- _Input data_

::::::

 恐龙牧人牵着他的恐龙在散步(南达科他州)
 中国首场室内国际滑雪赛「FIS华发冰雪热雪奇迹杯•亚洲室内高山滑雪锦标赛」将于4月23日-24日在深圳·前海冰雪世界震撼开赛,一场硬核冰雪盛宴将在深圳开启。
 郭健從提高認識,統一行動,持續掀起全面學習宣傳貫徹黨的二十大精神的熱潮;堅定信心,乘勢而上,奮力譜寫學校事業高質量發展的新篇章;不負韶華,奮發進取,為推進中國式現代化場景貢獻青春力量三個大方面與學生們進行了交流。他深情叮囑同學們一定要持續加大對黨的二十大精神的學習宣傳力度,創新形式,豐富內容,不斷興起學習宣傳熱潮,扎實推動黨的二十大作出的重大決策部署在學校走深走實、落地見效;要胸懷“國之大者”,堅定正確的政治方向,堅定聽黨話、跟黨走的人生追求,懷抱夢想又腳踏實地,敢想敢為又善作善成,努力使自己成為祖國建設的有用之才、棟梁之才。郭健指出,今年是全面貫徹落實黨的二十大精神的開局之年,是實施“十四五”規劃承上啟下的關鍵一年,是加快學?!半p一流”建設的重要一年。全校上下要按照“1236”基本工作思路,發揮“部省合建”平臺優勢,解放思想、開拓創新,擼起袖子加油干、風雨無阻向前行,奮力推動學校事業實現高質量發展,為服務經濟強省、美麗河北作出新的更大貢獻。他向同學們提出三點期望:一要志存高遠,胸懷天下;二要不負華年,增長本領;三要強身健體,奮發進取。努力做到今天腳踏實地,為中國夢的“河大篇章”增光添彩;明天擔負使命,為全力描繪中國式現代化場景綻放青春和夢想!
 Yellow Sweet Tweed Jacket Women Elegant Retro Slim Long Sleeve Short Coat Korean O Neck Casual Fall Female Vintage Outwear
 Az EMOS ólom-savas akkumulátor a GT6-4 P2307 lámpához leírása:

::::::

- _Assigned task_
The response should consist of all the entries, transcribed exactly.

- _Solution for this exercise_
 恐龙牧人牵着他的恐龙在散步(南达科他州)
 中国首场室内国际滑雪赛「FIS华发冰雪热雪奇迹杯•亚洲室内高山滑雪锦标赛」将于4月23日-24日在深圳·前海冰雪世界震撼开赛,一场硬核冰雪盛宴将在深圳开启。
 郭健從提高認識,統一行動,持續掀起全面學習宣傳貫徹黨的二十大精神的熱潮;堅定信心,乘勢而上,奮力譜寫學校事業高質量發展的新篇章;不負韶華,奮發進取,為推進中國式現代化場景貢獻青春力量三個大方面與學生們進行了交流。他深情叮囑同學們一定要持續加大對黨的二十大精神的學習宣傳力度,創新形式,豐富內容,不斷興起學習宣傳熱潮,扎實推動黨的二十大作出的重大決策部署在學校走深走實、落地見效;要胸懷“國之大者”,堅定正確的政治方向,堅定聽黨話、跟黨走的人生追求,懷抱夢想又腳踏實地,敢想敢為又善作善成,努力使自己成為祖國建設的有用之才、棟梁之才。郭健指出,今年是全面貫徹落實黨的二十大精神的開局之年,是實施“十四五”規劃承上啟下的關鍵一年,是加快學?!半p一流”建設的重要一年。全校上下要按照“1236”基本工作思路,發揮“部省合建”平臺優勢,解放思想、開拓創新,擼起袖子加油干、風雨無阻向前行,奮力推動學校事業實現高質量發展,為服務經濟強省、美麗河北作出新的更大貢獻。他向同學們提出三點期望:一要志存高遠,胸懷天下;二要不負華年,增長本領;三要強身健體,奮發進取。努力做到今天腳踏實地,為中國夢的“河大篇章”增光添彩;明天擔負使命,為全力描繪中國式現代化場景綻放青春和夢想!
 Yellow Sweet Tweed Jacket Women Elegant Retro Slim Long Sleeve Short Coat Korean O Neck Casual Fall Female Vintage Outwear
 Az EMOS ólom-savas akkumulátor a GT6-4 P2307 lámpához leírása:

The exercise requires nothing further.